Delft University of Technology - Faculty of EEMCS, Department of Software Technology, Web Information Systems Group
Building 28, Van Mourik Broekmanweg 6
2628 XE Delft
The Netherlands

***General Introduction***
This dataset contains data collected during experiments at Delft University of Technology, as part of Gaole He's PhD Thesis project: It is being made public both to act as supplementary data for publications and the PhD thesis of Gaole He and in order for other researchers to use this data in their own work.

The data in this data set was collected in the Web Information Systems Group, Faculty of EEMCS, between May 2024 and Sep 2024.


***Purpose of the dataset***
The purpose of these experiments was to investigate (1)  How does human involvement in the high-level planning and real-time execution shape their trust in an AI system powered by LLM agents? and (2) How does human involvement in the high-level planning and real-time execution of tasks with an AI system powered by LLM agents affect the overall task performance?
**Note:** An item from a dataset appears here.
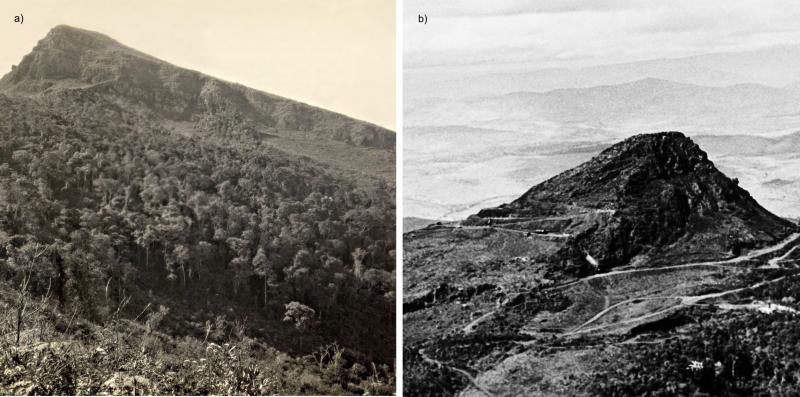 | Pico do Cauê, located in Itabira-MG, northeast of the Quadrilátero Ferrífero is the type locality of the Cauê Formation, a sequence rich in iron formations, responsible for all iron ore production in the Iron Quadrangle. It is the site where five new minerals associated with Au-Pd mineralization, known as "Jacutinga", were discovered. These minerals (arsenopaladinite, atheneite, isomertite, paladseite and jacutingaite) are listed by the IMA (International Mineralogical Association). It is the site where the first iron ore mining operation of the Iron Quadrangle was established, the Brazilian Hematite Syndicate, in 1909, and which later became the Companhia Vale do Rio Doce and currently VALE. |

***Description of the data in this dataset***
The dataset (data.zip) consists of user responses in our main study (anonymized_data.zip) in planning tasks from [UltraTool](https://github.com/JoeYing1019/UltraTool) dataset and the data analysis code (code.zip). We also release the interface (interface.zip).  All data released are anonymized.

The user responses are collected from Prolific Platform. util.py in code.zip shows how to load these csv files.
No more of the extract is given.